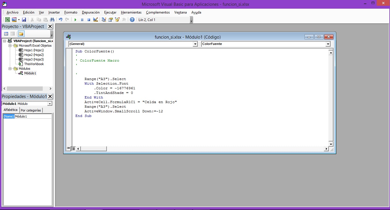 una macro muy sencilla que solamente cambie el color de la fuente
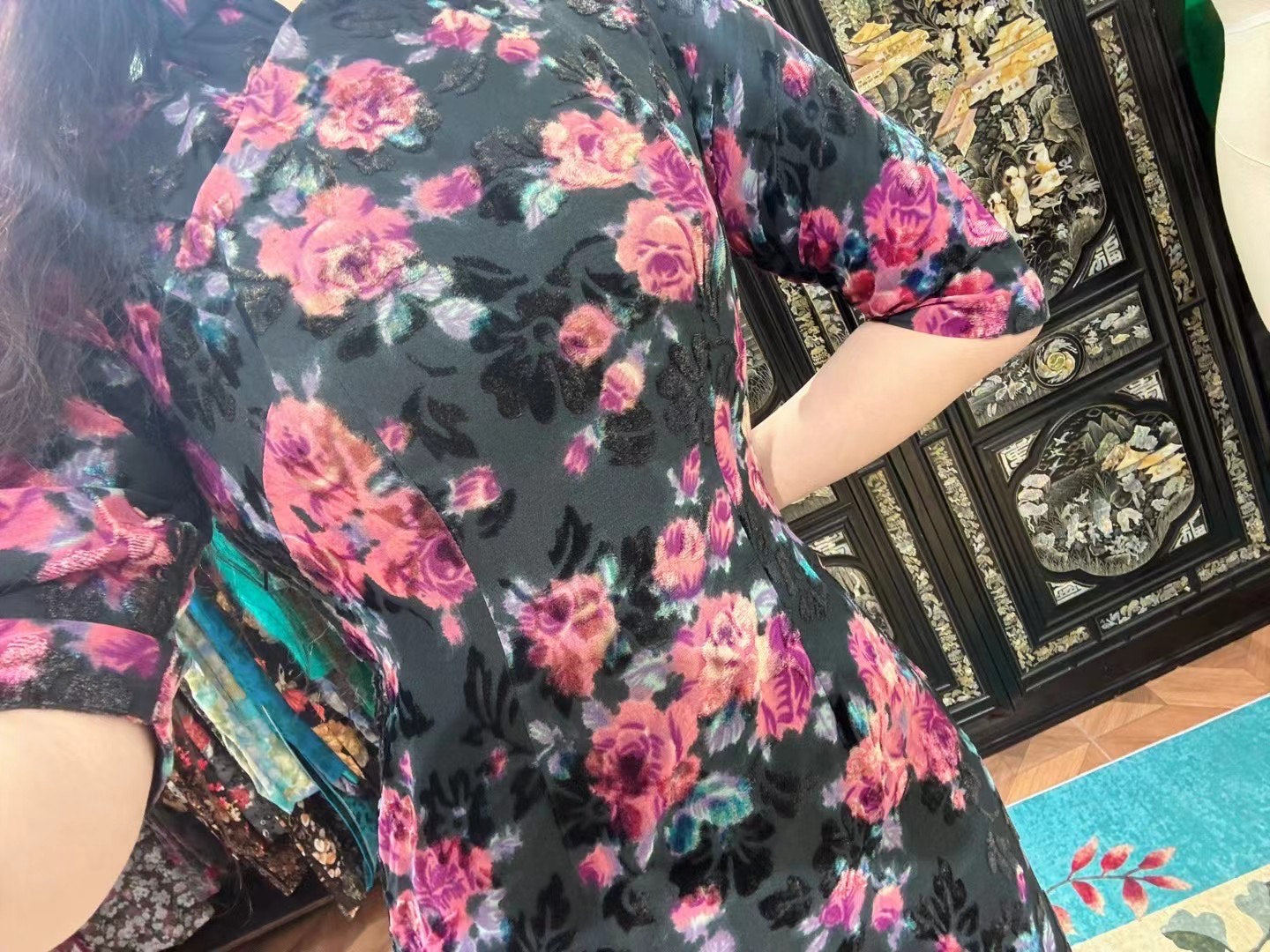 60年代 - 伯爵玫瑰的暗夜咏叹:Vintage 60s 烧花丝绒古董港袍 | 1960s - The Midnight Aria of Earl Roses: Vintage 60s Devoré Velvet Antique Qipao
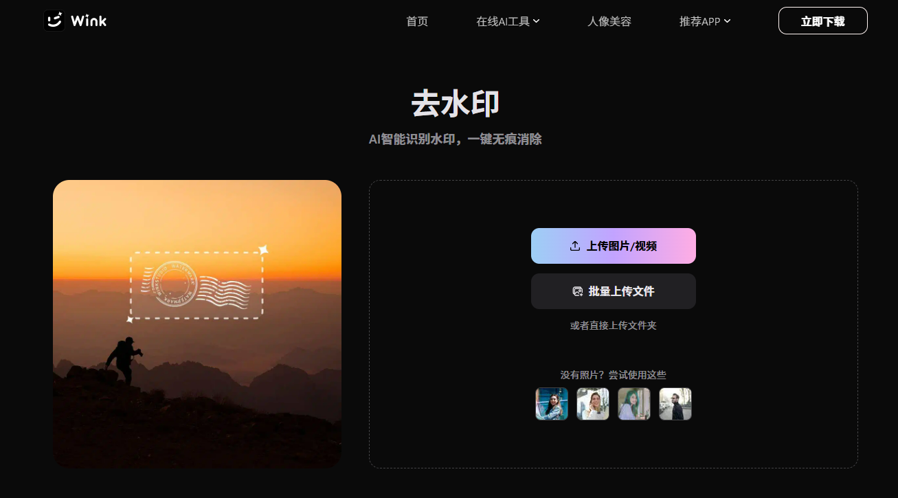它同样支持自动识别,能快速抹去水印。其主要的限制在于视频时长,免费处理单条不超过1分钟,适合短视频素材内容处理,上传视频,就可以在线自动去水印。
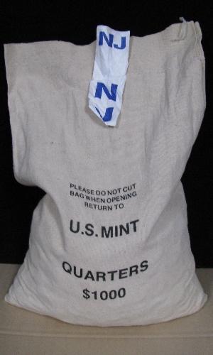 A once-in a lifetime chance to acquire 4,000 UNOPENED UNSEARCHED choice to gem BU NJ Washington Quarters; WE BELIEVE THIS IS A DENVER BAG BUT IT'S YOUR GUESS; many MS65s/higher and many errors/varieties are likely; BID IS PER COIN AT 4,000 TIMES THE BID and is subject to prior sale; individual book values up to $8,500 per coin or more; 1st NJ year $25 bags go for 3x to 10x face on Ebay (search (NJ, jersey) bag)) and you can't find a $1000 bag! Also, the larger bags came right from the mint presses and were't subject to other hangling like smaller Mint bags and rolls - HIGHER GRADES MORE LIKELY! WE JUST DON'T HAVE TIME TO SEARCH THRU THESE AND YOU GAIN AS A RESULT!.
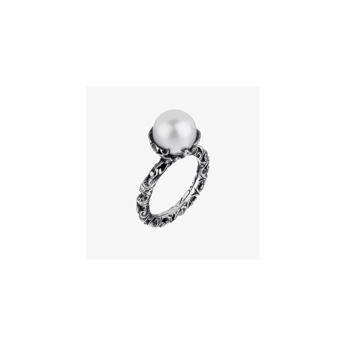 Der Ring aus der Pura-Kollektion mit eingelegter Schiene ist mit einer weißen Perle verziert, umgeben von dekorativen Arabesken aus brüniertem Silber, die einen Hauch von Charme und Eleganz verleihen.
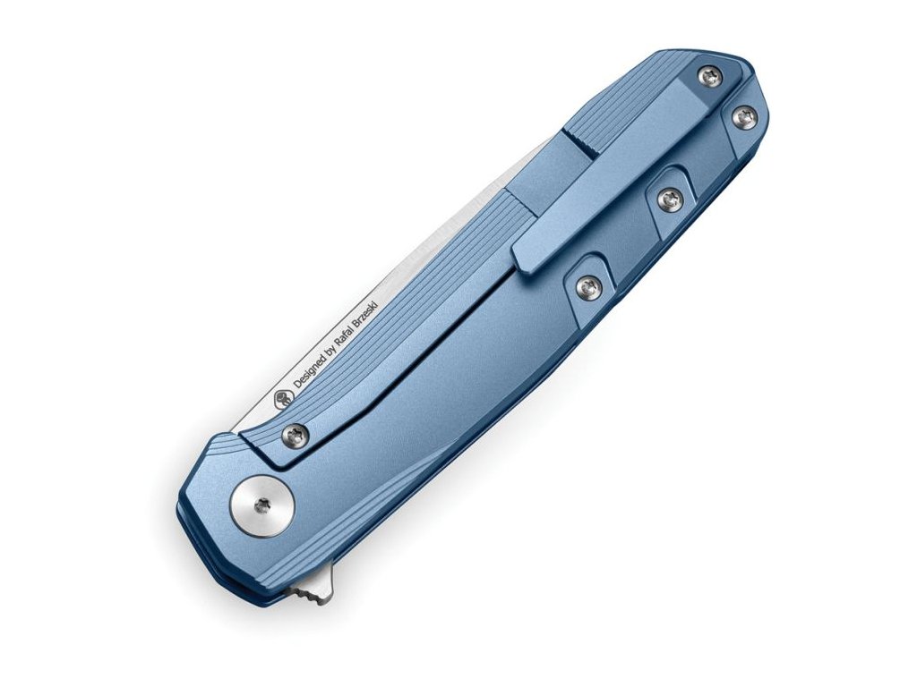 Cuțit premium Bestech 9 Frame Lock Blue BT2408C fabricat din materiale excepționale. Lama wharncliffe cu o lungime de 9,6 cm este fabricată din oțel premium M390, care este considerat unul dintre cele mai bune oțeluri pentru cuțite. Lama are un finisaj stonewash satinat și oțelul are o duritate ridicată de 59-61 HRC. Rulmenții ceramici asigură o operare extrem de lină și ușoară a lamei, la fel cum ne-am obișnuit cu cuțitele Bestech. Mâner realizat din titan albastru. Clema și backspacer-ul sunt, de asemenea, din titan. Deschidere cu o singură mână prin intermediul unui disc de pe mâner. Blocare tip frame lock.. Greutatea lamei este de 121,4 g.
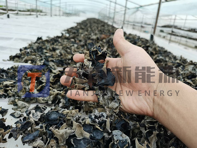 5. 恒溫保持5~8小時(shí)后將木耳烘干機(jī)溫度升55℃-60℃后整體烘干;黑木耳烘干八成時(shí),取出烘篩攤晾2小時(shí)后繼續(xù)烘干,待全部黑木耳烘干后即結(jié)束。
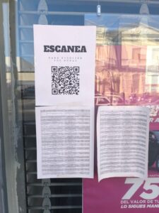 Afuera de las sucursales se forma un pequeño ritual cotidiano, quien llega encuentra un código QR pegado en la pared, una hoja plastificada que ya ha sobrevivido al sol y a la desesperación. “Con eso puede hacer su pago”, indica un trabajador, señalando el cuadrado negro y blanco como si fuera un salvavidas.
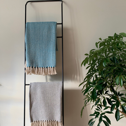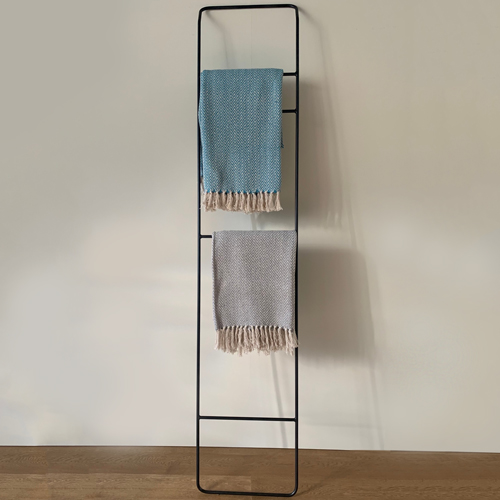 壁に立てかけて使う、シンプルでスタイリッシュなタオルラックです。
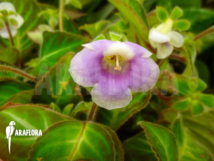 It is a beautiful, tropical plant native to the Andes mountains in South America. The leaves are deep-green with alight-green pattern across the veins. The plant has small hairs on its leaves. The flowers are white with purple; the seeds are enclosed in special capsules. The whole year round the Gloxinella lindeniana will thrive at home or in the office.
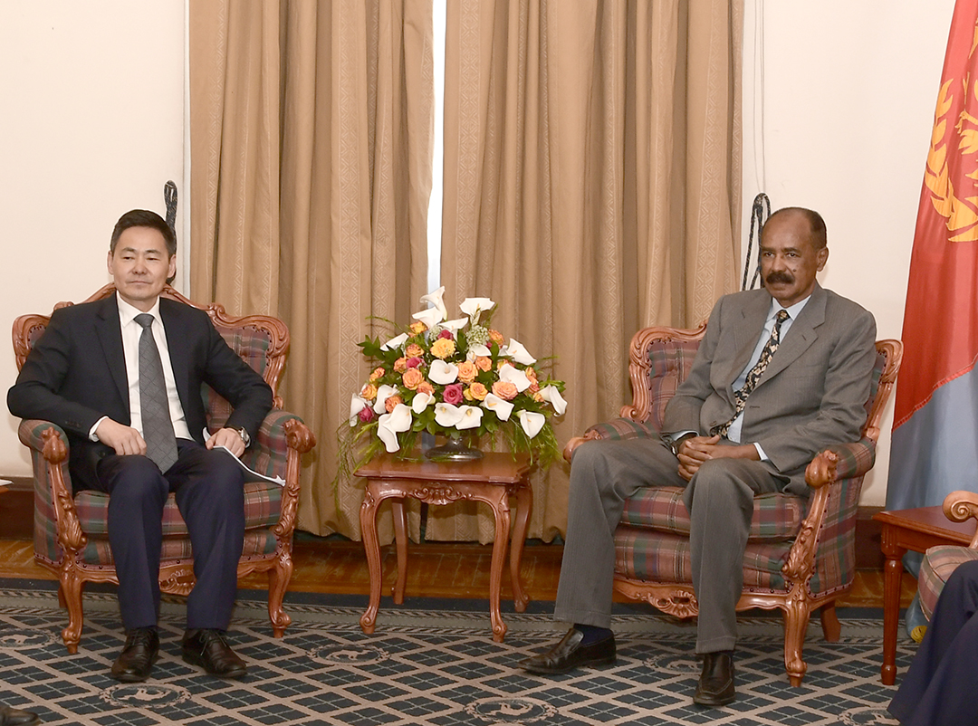 Asmara (Dawan)- Madaxweynaha Eritrea, Isaias Afwerki ayaa maanta oo Axad ah ku qaabilay Aqalka martida ee Denden Danjire Xue Bing oo ah ergeyga gaarka ah ee Shiinaha u qaabilsan Geeska Afrika.
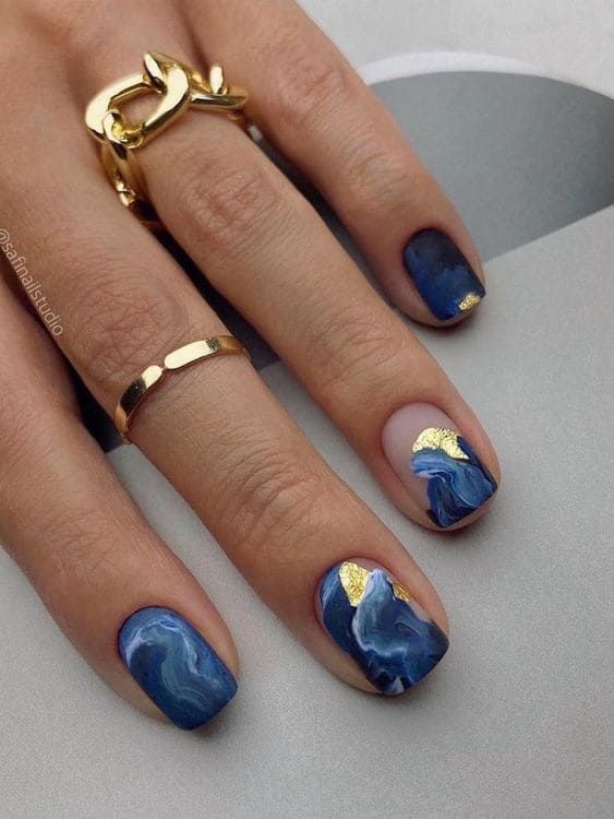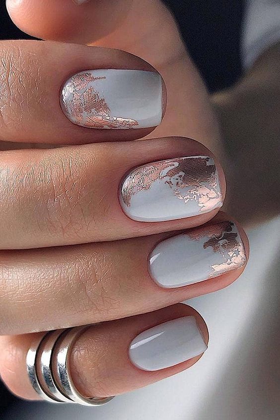 Также фольгой контрастного цвета можно разнообразить мраморный маникюр, который делают с использованием двух или более оттенков лаков.
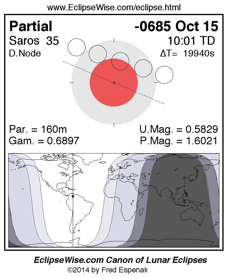 The instant of greatest eclipse takes place on -0685 Oct 15 at 10:00:38 TD (04:28:20 UT1).
^^^^^^^^
§ What you need to do
Skip the pictures. Return exactly the lines from the one containing "壁に立てかけて使う、シンプルでスタイリッシュなタオルラックです。" through the end of the data above, both included, and nothing besides.

§ Result
 壁に立てかけて使う、シンプルでスタイリッシュなタオルラックです。
 It is a beautiful, tropical plant native to the Andes mountains in South America. The leaves are deep-green with alight-green pattern across the veins. The plant has small hairs on its leaves. The flowers are white with purple; the seeds are enclosed in special capsules. The whole year round the Gloxinella lindeniana will thrive at home or in the office.
 Asmara (Dawan)- Madaxweynaha Eritrea, Isaias Afwerki ayaa maanta oo Axad ah ku qaabilay Aqalka martida ee Denden Danjire Xue Bing oo ah ergeyga gaarka ah ee Shiinaha u qaabilsan Geeska Afrika.
 Также фольгой контрастного цвета можно разнообразить мраморный маникюр, который делают с использованием двух или более оттенков лаков.
 The instant of greatest eclipse takes place on -0685 Oct 15 at 10:00:38 TD (04:28:20 UT1).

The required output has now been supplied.